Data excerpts
-*-*-

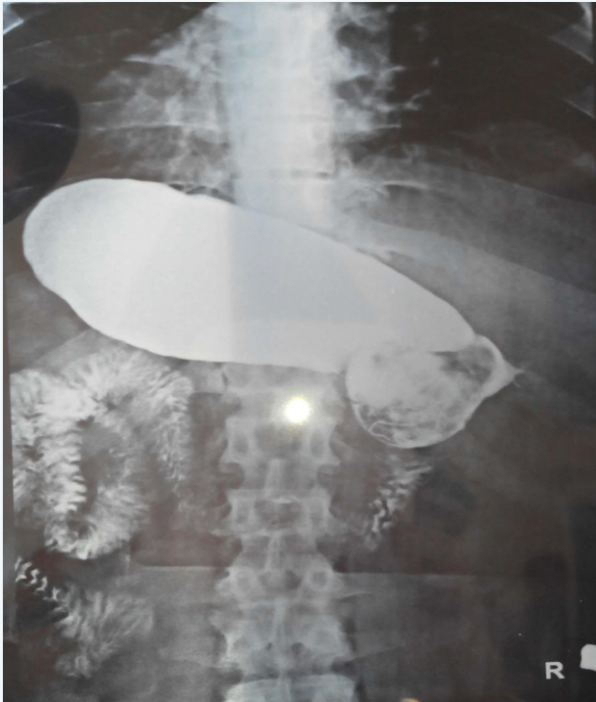
Figure 1: Barium swallow revealing mass like lesion at Antro-duodenal area.

then removed with gentle round motions from the mouth. The prolonged sticking of surgical sponge lead to huge dilatation of pyloric antrum (Figure 4). The removed surgical sponge was 26 cm x 23 cm and is of the largest size which has been successfully removed endoscopically, till date (Figure 5). The procedure was completed without any complications .The next day; all laboratory parameters, check endoscopy and abdominal ultrasonogram were found to be normal. The patient was started on per- oral feeds which he accepted well, hence was discharged under hemodynamically normal condition after two days of observation.
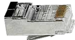
Shielded RJ45 Plug
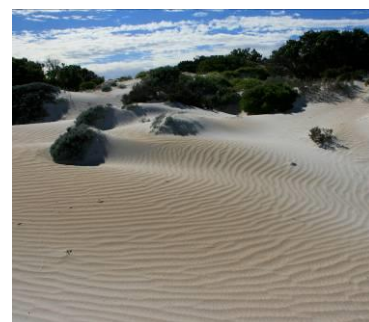
Trend in coastal dune extent and condition

The health of our coastal dunes relies on the management of recreational activities, stock grazing and coastal development.
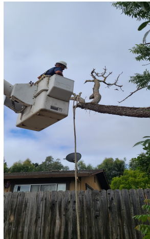
Armando trimming City Tree located at Washington /Lang St

The parks are looking great even with the new restrictions on limiting landscape watering . The city's lead landscaper has done a excellent job maintaining the city's grounds.
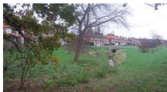
Views into the Meads

The Meads is an open, unadorned green space allowing open views between flanking roads. It has a natural feel with little apparent formal landscaping. The southern end is used as allotments and is enclosed by a chain link fence.
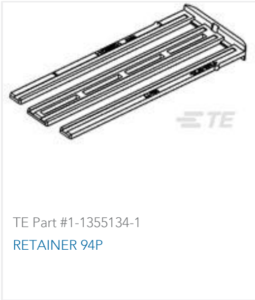
TE Part #1-1355134-1 RETAINER 94P
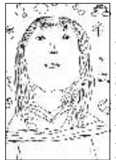
Student drawing by Erica S. grade 5

Learn more about Betye Saar at: www.ackland.org/art/exhibitions/saarwebsite/exhibition_page.html
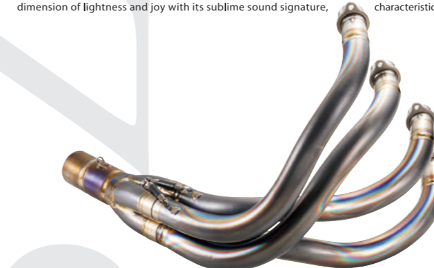
Hand Bend Titanium Exhaust System 4 into 1, Straight Silencer, Incl. Catalizer ¥330,000.-

The hand-bend 4 into 1 exhaust system is equipped with a build-in catalyzer, made from only 0.7 mm thin titanium pipes and various other titanium parts (including flanges, collars, silencer). It constitutes a new dimension of lightness and joy with its sublime sound signature, characteristic to titanium.
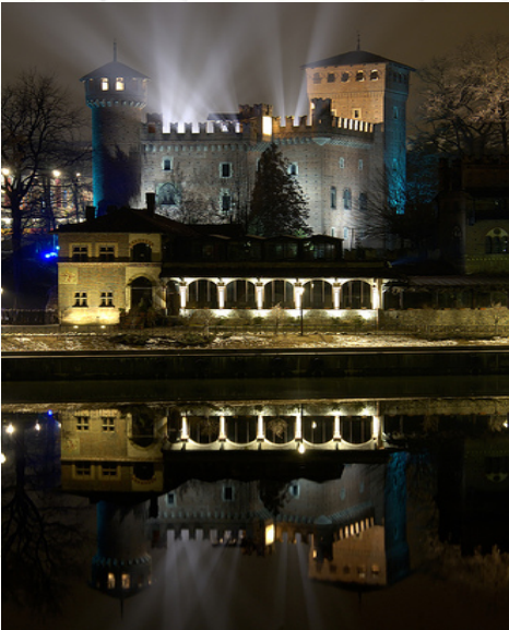
CASTELLO DEL VALENTINO PICTURED ABOVE
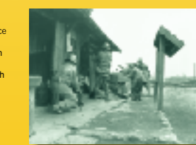
The 1st Cavalry Division attacks in a train yard in the North Korean capital, P'yongyang, 19 October 1950.

On 19 October the I Corps' 1st Cavalry Division and the 1st ROK Division entered P'yongyang, the North Korean capital. On the 24th MacArthur ordered his commanders to advance as quickly as possible, with all forces available, so that operations could be completed before the onset of winter. The press of the Eighth Army in the west was relentless, as it sent separate columns north toward the Yalu River, each free to press forward independently. On the 26th an ROK regiment sent reconnaissance troops to the town of Ch'osan, thereby becoming the first UN element to reach the Yalu.
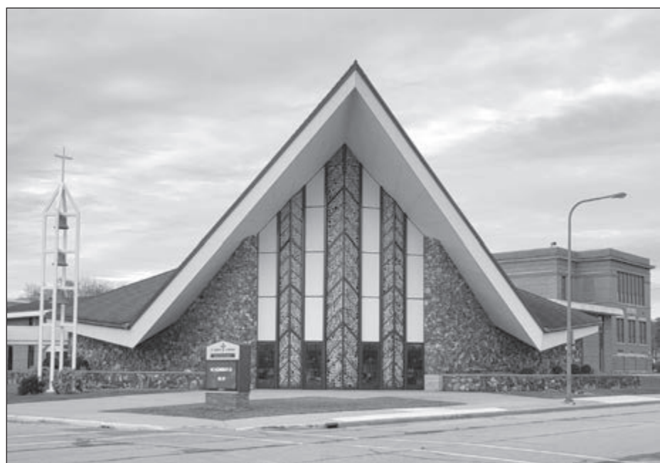
St. Martin Lutheran Church in Clintonville is celebrating its 150th anniversary this year. Its current building was constructed in 1968.

dinner will be held Saturday, Oct. 19, at Northwinds Banquet Hall in Marion.
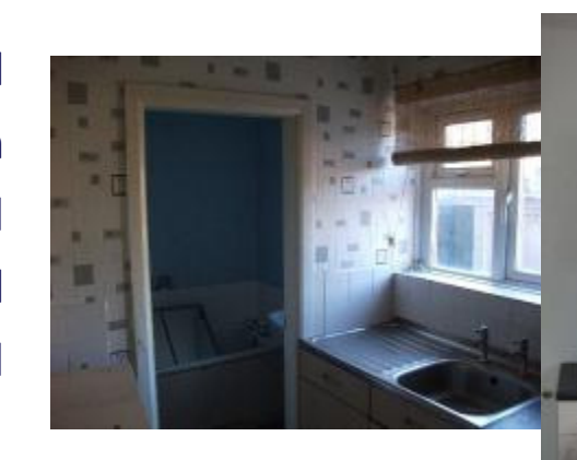
Kitchen before and after

See photos before and after the modernisation was done. The tenant did not want the kitchen tiled because she said she would tile it herself.
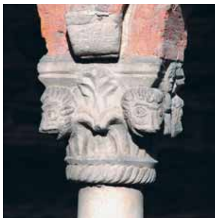
A capital inside the Cloister of Voltorre

hand, represented by the Palude Brabbia , a marshy area of important environmental value. The route represents a unique occasion to spend a relaxing day surrounded by nature.
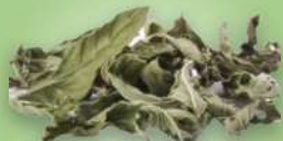
MINT DEHYDRATED LEAFS
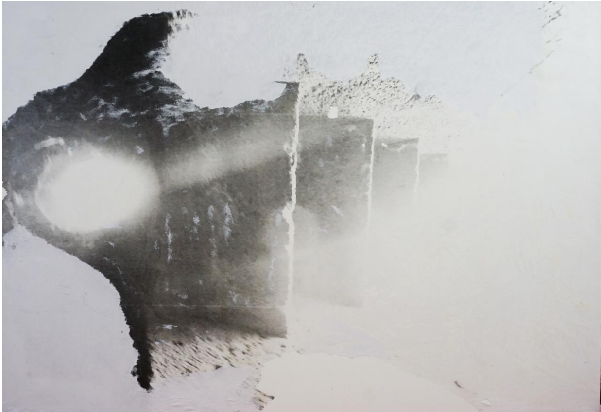
dimensions of time & space, transfer technic, photo & acrylic on canvas, 0.7 x 1 m, Sardinia, 2017
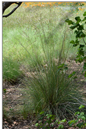
California Fescue

-*-*-

### WHAT IS BEING ASKED
Output the records exactly. Drop the images.

### RESPONSE TO THE EXERCISE
Figure 1: Barium swallow revealing mass like lesion at Antro-duodenal area.

then removed with gentle round motions from the mouth. The prolonged sticking of surgical sponge lead to huge dilatation of pyloric antrum (Figure 4). The removed surgical sponge was 26 cm x 23 cm and is of the largest size which has been successfully removed endoscopically, till date (Figure 5). The procedure was completed without any complications .The next day; all laboratory parameters, check endoscopy and abdominal ultrasonogram were found to be normal. The patient was started on per- oral feeds which he accepted well, hence was discharged under hemodynamically normal condition after two days of observation.
Shielded RJ45 Plug
Trend in coastal dune extent and condition

The health of our coastal dunes relies on the management of recreational activities, stock grazing and coastal development.
Armando trimming City Tree located at Washington /Lang St

The parks are looking great even with the new restrictions on limiting landscape watering . The city's lead landscaper has done a excellent job maintaining the city's grounds.
Views into the Meads

The Meads is an open, unadorned green space allowing open views between flanking roads. It has a natural feel with little apparent formal landscaping. The southern end is used as allotments and is enclosed by a chain link fence.
TE Part #1-1355134-1 RETAINER 94P
Student drawing by Erica S. grade 5

Learn more about Betye Saar at: www.ackland.org/art/exhibitions/saarwebsite/exhibition_page.html
Hand Bend Titanium Exhaust System 4 into 1, Straight Silencer, Incl. Catalizer ¥330,000.-

The hand-bend 4 into 1 exhaust system is equipped with a build-in catalyzer, made from only 0.7 mm thin titanium pipes and various other titanium parts (including flanges, collars, silencer). It constitutes a new dimension of lightness and joy with its sublime sound signature, characteristic to titanium.
CASTELLO DEL VALENTINO PICTURED ABOVE
The 1st Cavalry Division attacks in a train yard in the North Korean capital, P'yongyang, 19 October 1950.

On 19 October the I Corps' 1st Cavalry Division and the 1st ROK Division entered P'yongyang, the North Korean capital. On the 24th MacArthur ordered his commanders to advance as quickly as possible, with all forces available, so that operations could be completed before the onset of winter. The press of the Eighth Army in the west was relentless, as it sent separate columns north toward the Yalu River, each free to press forward independently. On the 26th an ROK regiment sent reconnaissance troops to the town of Ch'osan, thereby becoming the first UN element to reach the Yalu.
St. Martin Lutheran Church in Clintonville is celebrating its 150th anniversary this year. Its current building was constructed in 1968.

dinner will be held Saturday, Oct. 19, at Northwinds Banquet Hall in Marion.
Kitchen before and after

See photos before and after the modernisation was done. The tenant did not want the kitchen tiled because she said she would tile it herself.
A capital inside the Cloister of Voltorre

hand, represented by the Palude Brabbia , a marshy area of important environmental value. The route represents a unique occasion to spend a relaxing day surrounded by nature.
MINT DEHYDRATED LEAFS
dimensions of time & space, transfer technic, photo & acrylic on canvas, 0.7 x 1 m, Sardinia, 2017
California Fescue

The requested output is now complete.